**What the task requires**.
Pictures aside, the data must be reproduced exactly.

Exercise data below:

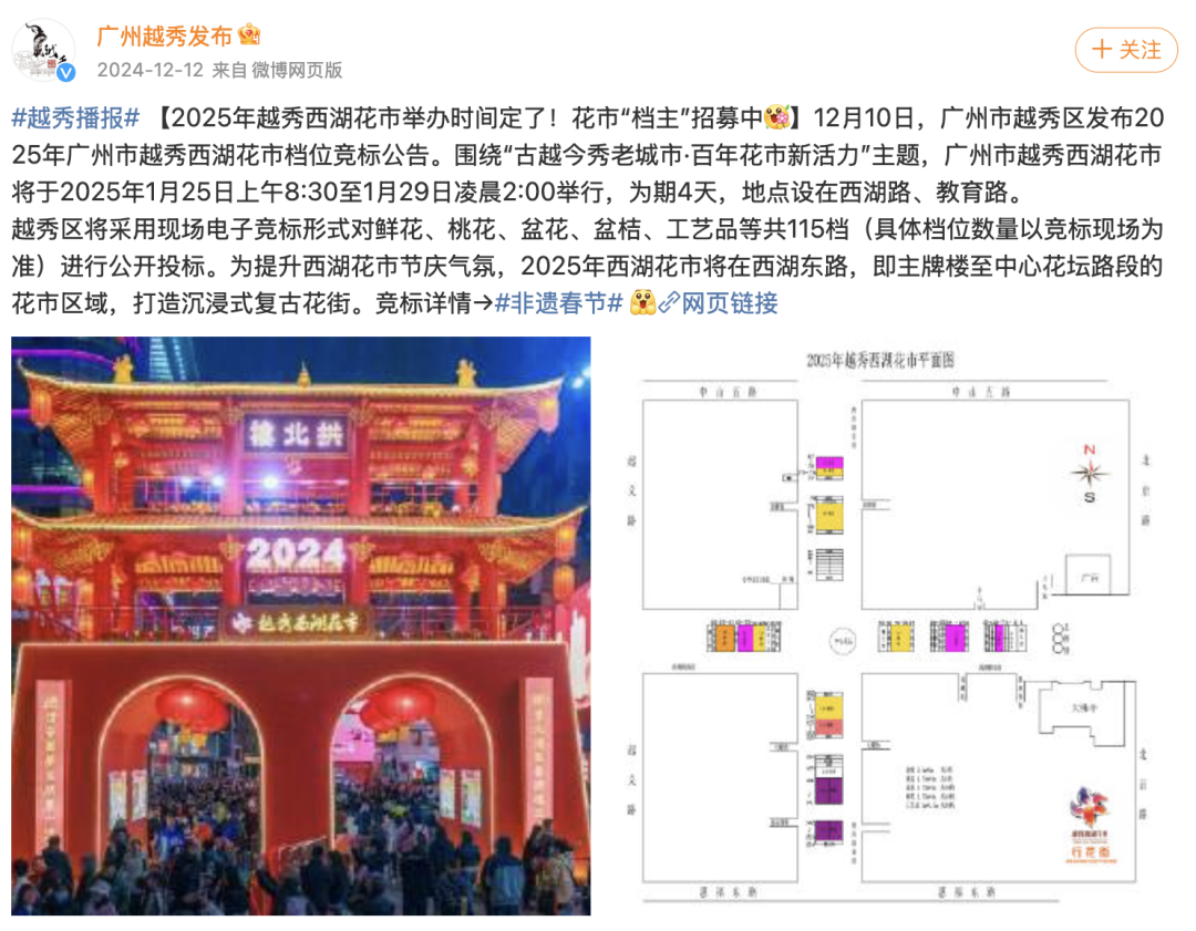 2024年12月4日,“春节——中国人庆祝传统新年的社会实践”列入联合国教科文组织人类非物质文化遗产代表作名录。“广州越秀发布”微平台聚焦社会关切与本土市民情感共鸣,为2025越秀西湖花市开展系列预热宣传:以越秀西湖花市亮相中国春节申遗官宣短片、越秀区国家级非遗项目“春节(行花街)”出现在“春节”申遗文本为引,详述西湖花市及“行花街”习俗的历史与内涵,通过具有感染力的视频与图片,展现百年花市的蓬勃生机;结合2025越秀西湖花市筹备进展,公告花市举办时间、地点、亮点,及时发布花市档位招标、竞标结果、志愿者招募等信息,提高市民期待感;在线征集市民对西湖花市的建议,从现场布置、活动设计、市民互动等方面为西湖花市提供参考,营造与市民共筑花市、共享春韵的融洽氛围。
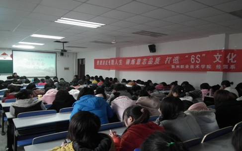 为积极响应学院号召,贯彻落实学院2012年学生教育工作要点,提升6S文化建设质量、认真开展读书成长年活动,经贸系于2012年3月21日1102教室召开了两场分别针对6S文化建设年和“书香伴我行”读书成长年的动员大会。动员大会由经贸系党总支书记李怀成同志主讲,经贸系各班班长、团支书、学习委员、生活委员、寝室长、入党考察对象和部分入党积极分子等学生代表参加了报告会。
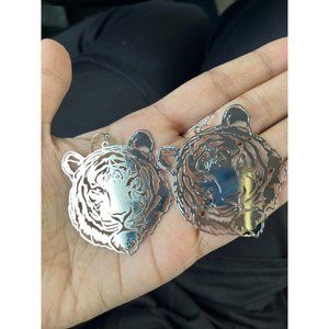 Tiger mascot earrings, auburn tigers , go tigers, cheetah earrings silver animal
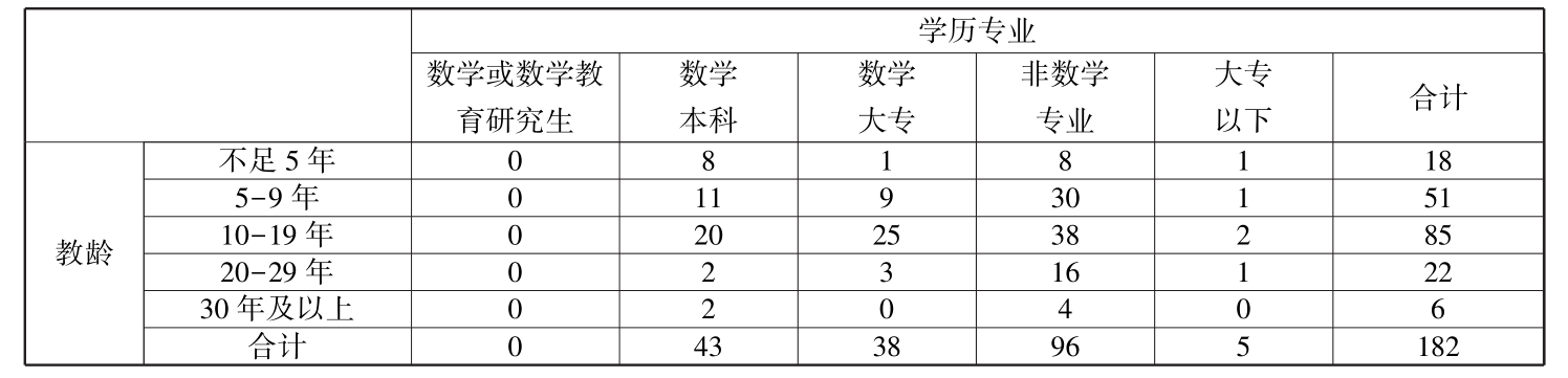 表2 调查问卷中N州受访教师的学历专业与教龄

End of Exercise data.

**Response**.
 2024年12月4日,“春节——中国人庆祝传统新年的社会实践”列入联合国教科文组织人类非物质文化遗产代表作名录。“广州越秀发布”微平台聚焦社会关切与本土市民情感共鸣,为2025越秀西湖花市开展系列预热宣传:以越秀西湖花市亮相中国春节申遗官宣短片、越秀区国家级非遗项目“春节(行花街)”出现在“春节”申遗文本为引,详述西湖花市及“行花街”习俗的历史与内涵,通过具有感染力的视频与图片,展现百年花市的蓬勃生机;结合2025越秀西湖花市筹备进展,公告花市举办时间、地点、亮点,及时发布花市档位招标、竞标结果、志愿者招募等信息,提高市民期待感;在线征集市民对西湖花市的建议,从现场布置、活动设计、市民互动等方面为西湖花市提供参考,营造与市民共筑花市、共享春韵的融洽氛围。
 为积极响应学院号召,贯彻落实学院2012年学生教育工作要点,提升6S文化建设质量、认真开展读书成长年活动,经贸系于2012年3月21日1102教室召开了两场分别针对6S文化建设年和“书香伴我行”读书成长年的动员大会。动员大会由经贸系党总支书记李怀成同志主讲,经贸系各班班长、团支书、学习委员、生活委员、寝室长、入党考察对象和部分入党积极分子等学生代表参加了报告会。
 Tiger mascot earrings, auburn tigers , go tigers, cheetah earrings silver animal
 表2 调查问卷中N州受访教师的学历专业与教龄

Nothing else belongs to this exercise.